The coach pitched into another abrupt turn, and they were all thrown to the right. Marshall’s sword caught on something. He felt carefully and found it had ripped a jagged hole in the leather seat cover.
“Put your swords on the floor, easy to hand,” the Captain said. “We’ll just see if we can kick the door out.”
That would have worked, if they’d had time. The door began to loosen under their blows, but before they could kick it free of its frame, the coach turned again, slowed, and passed into a building. As it rolled to a halt, the door sagged open and swung crookedly on one hinge. All that was visible beyond was a row of empty stalls.
“Come on out,” a voice called. “You’re surrounded. Quick, now, an’ no tricks.”
“If they’re on both sides of us, they can’t risk crossfire,” Smith said, low. “I’ll break right. Follow as you see fit.”
He leaped out, diving out of sight, with Marshall and Archer right behind him. A scruffy figure with a stick, his face swathed in a dirty mask, dove after him. Smith struck his arm and the stick dropped, the wounded man clutching a bloody wrist. But these bandits had played this game before, and as the Captain spun to meet a swinging club, another villain, also masked, leaned over the edge of the hayloft and clipped his skull with the back of a shovel.

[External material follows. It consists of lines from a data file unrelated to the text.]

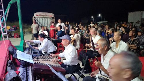 然后,由本村的文艺艺术团友情演出,有女声独唱的流行歌《青藏高原》,有《刘海砍樵》的湖南花鼓,还有激情澎湃的摇滚《黄土高坡》,独舞小品等花样呈纷,也是让老人们难以多得的“一饱眼福、精神大餐。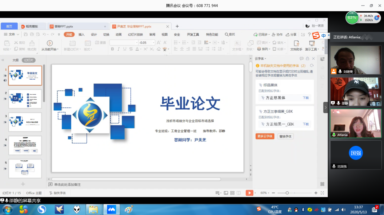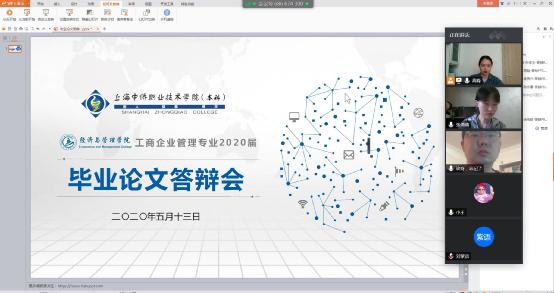 5月13日-15日,工商管理专业利用腾讯会议举办2020届学生毕业论文线上答辩会。参加本次答辩会的共有来自工商管理专业17级1、2班的94位同学,由于学生总人数较多,本次毕业论文答辩会分3个小组,分别利用3个半天举行,共有9位老师参与了本次答辩会工作。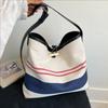 Small Canvas Splicing Large Capacity Bucket Bag Wide Shoulder Strap Fashion All-in-one Striped Shoulder Bag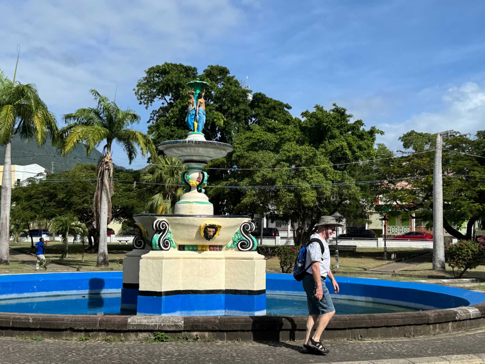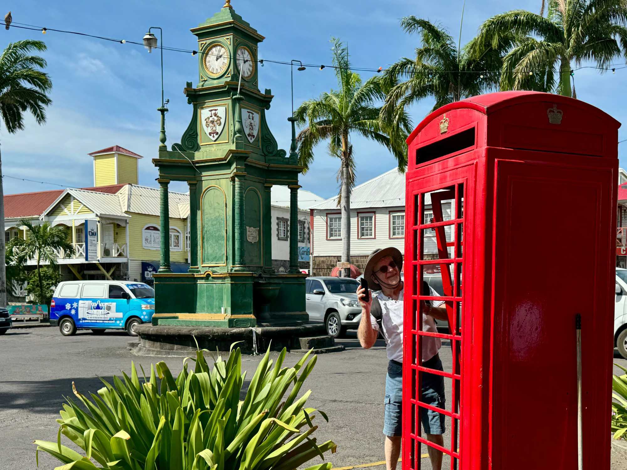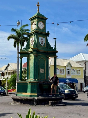 Après un excellent petit-déjeuner à l’Oceanview Café, nous descendons à terre pour une promenade pédestre avec plusieurs voyageurs. Nous quittons le port à pied en direction du cœur historique de la ville. Notre première halte nous mène au Berkeley Memorial, élégante horloge victorienne érigée au XIXᵉ siècle. Nous poursuivons vers Independence Square, ancienne place du marché chargée d’histoire, aujourd’hui paisible et verdoyante, mais autrefois témoin d’heures plus sombres liées à l’esclavage.

Marshall, back-to-back with Archer in a circle of masked, club-wielding ruffians, saw Smith fall. He lunged, trying to break through the circle, but his sword was knocked aside. Archer was having no better luck.
“Give it up, boyos,” one of their enemies said. “We have orders to take you alive, but accidents happen all the time.” He drew a dirk, long and deadly in the lantern light, and laid it across Smith’s throat. “You wouldn’t want to lose your Captain by accident, would you?”
Marshall stopped, breathing hard. He traded a glance with Archer, who looked as frustrated as he felt. But there really was nothing else to do. If these men didn’t intend to kill them outright, they might have a chance to escape later.
“And where are we to be taken alive? France?”
He hardly expected the general hilarity that erupted at his question, but he didn’t have time to ask another. Davy dropped at his feet an instant before something struck him hard from behind.